Aujourd'hui, c'est la chienlit Ceux qui ne feront pas grève aujourd'hui devront s'adapter. Les transports en commun fonctionneront au ralenti, les services publics seront pour la plupart fermés. Bref, soit on manifeste, soit on prend son mal en patience. Pressentie com-me l'une des plus importantes grèves de ces dernières années, cette journée dite « d'action » va engendrer de fait des perturbations. Les plus significatives se ressentiront notamment dans les transports en commun du Grand Dijon (lire ci-contre). Idem sur le réseau SNCF ; d'où la nécessité de se renseigner pour les grandes lignes et les TER : soit par téléphone au 0 805 90 36 35 ou sur le site internet www.sncf.com/
Autre secteur qui fait aujourd'hui l'objet d'un appel à la grève massif, l'Education nationale. Là aussi, l'information est passée, les établissements scolaires ont affiché et/ou prévenu les parents d'élèves. Même si le service minimum d'accueil doit être appliqué, les familles ont été invitées à s'organiser, quand elles le pouvaient.

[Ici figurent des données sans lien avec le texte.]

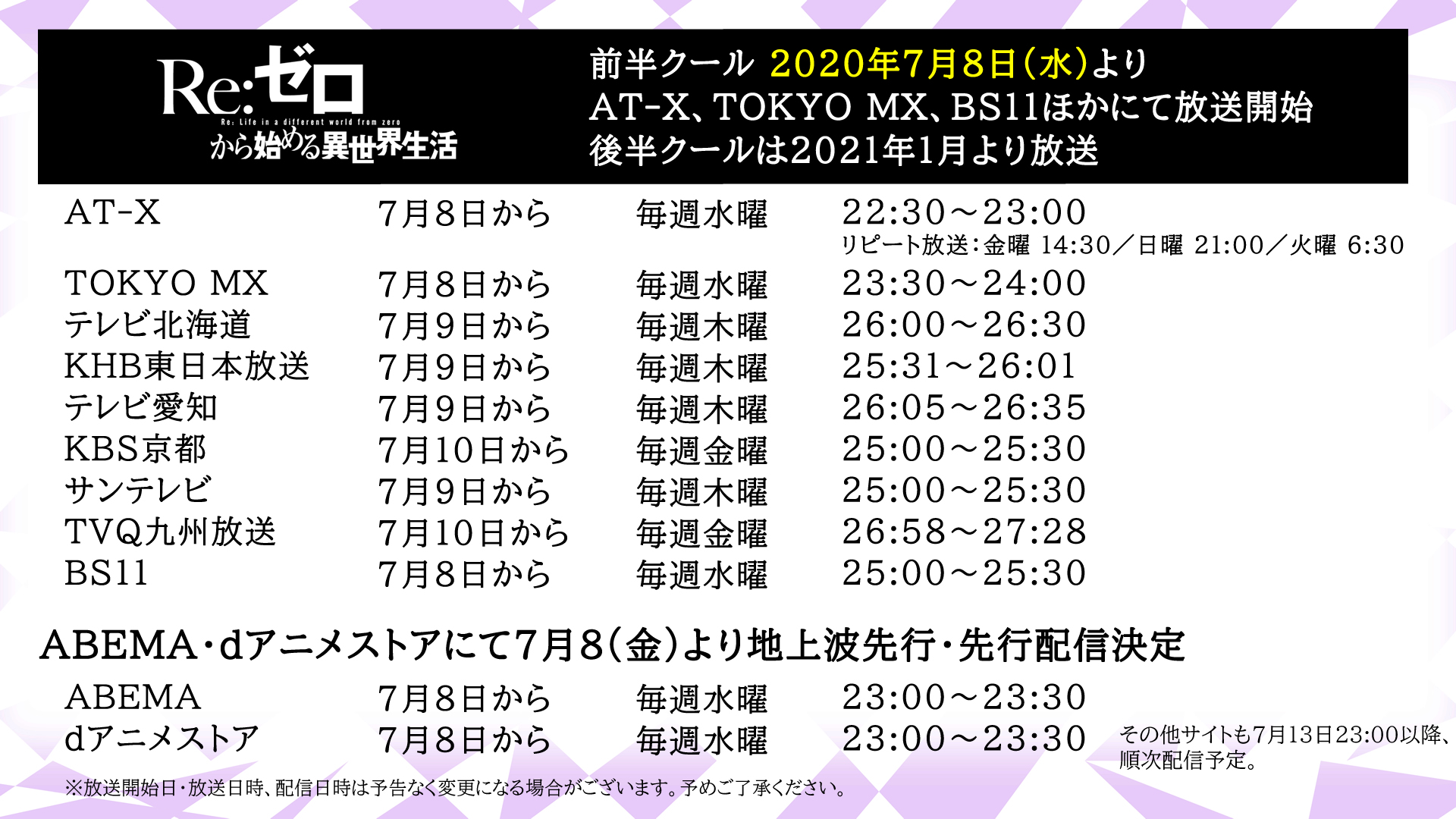 『Re:ゼロから始める異世界生活』2nd season📺放送・配信情報📺2020年7月8日(水)よりAT-X、TOKYO MX、BS11ほかにて放送開始!後半クールは2021年1月より放送開始!ABE...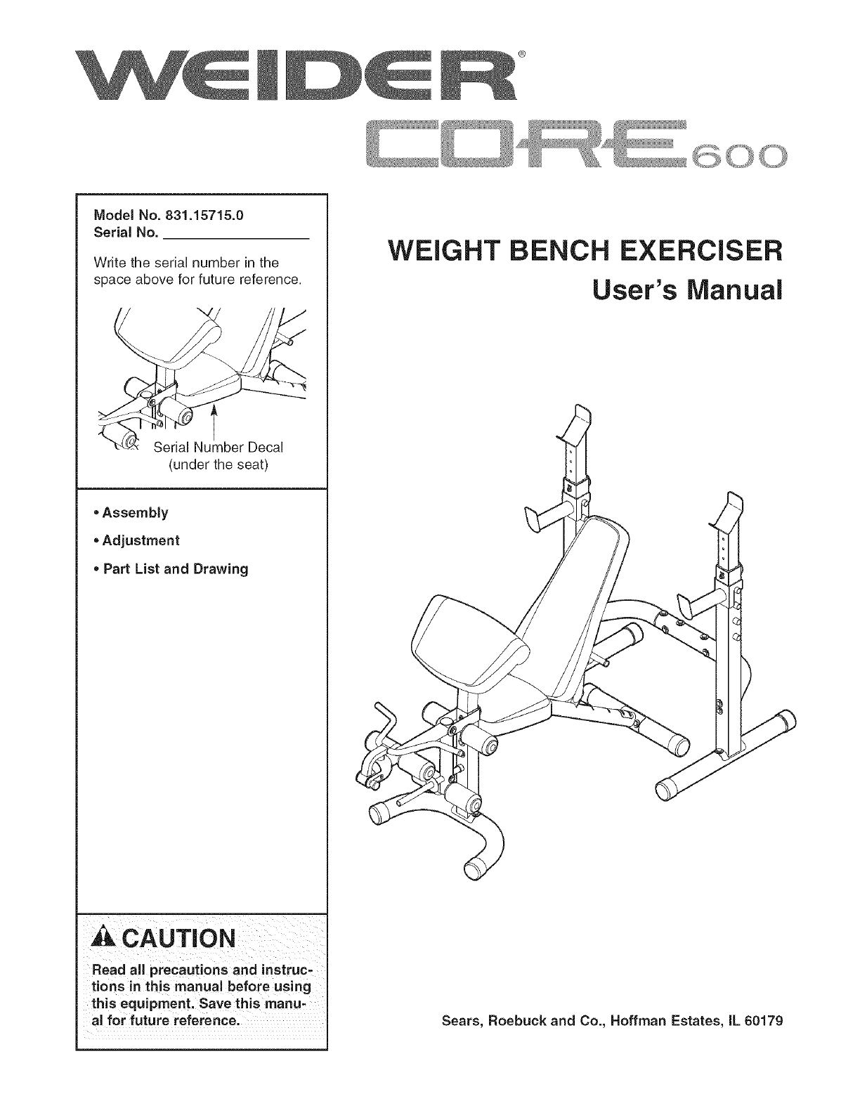 User Manual: Weider 831157150 831157150 WEIDER WEIDER CORE 600 - Manuals and Guides View the owners manual for your WEIDER WEIDER CORE 600 #831157150. Home:Fitness Equipment Parts:Weider Parts:Weider WEIDER CORE 600 Manual

Interpeller le gouvernement
Si la Fonction publique alimentera l'essentiel des défilés, le secteur privé ne sera pas en reste. En Côte-d'Or et à Dijon, les salariés touchés par des licenciements ou du chômage technique entendent bien donner de la voix. Qu'ils proviennent d'Amora-Maille, d'Euroflaco, de Jtekt ou de Barry Callebaut, tous ont bien l'intention d'interpeller le gouvernement. Au-delà des revendications attendues des syndicats.
Les syndicats justement. Tous, ou presque, jouent la carte de l'union et de la mobilisation. Côté public, cette « journée d'action interprofessionnelle du 29 janvier » est un « appel à tous les fonctionnaires et les agents publics » pour « exiger du gouvernement des réponses ». Ainsi, parmi les revendications avancées par les syndicats (CGT, CFDT, FO, UNSA, CFTC, CFE-CGC, Solidaires...), on retrouve « l'arrêt de la politique aveugle de suppressions d'emplois, l'ouverture urgente de négociations salariales, le retrait de projets porteurs de lourds reculs pour la population et les personnels, les moyens nécessaires à la pérennisation du financement des missions publiques... »
Côté privé, on manifestera contre les délocalisations, le chômage technique, les suppressions d'emploi ou encore la baisse du pouvoir d'achat.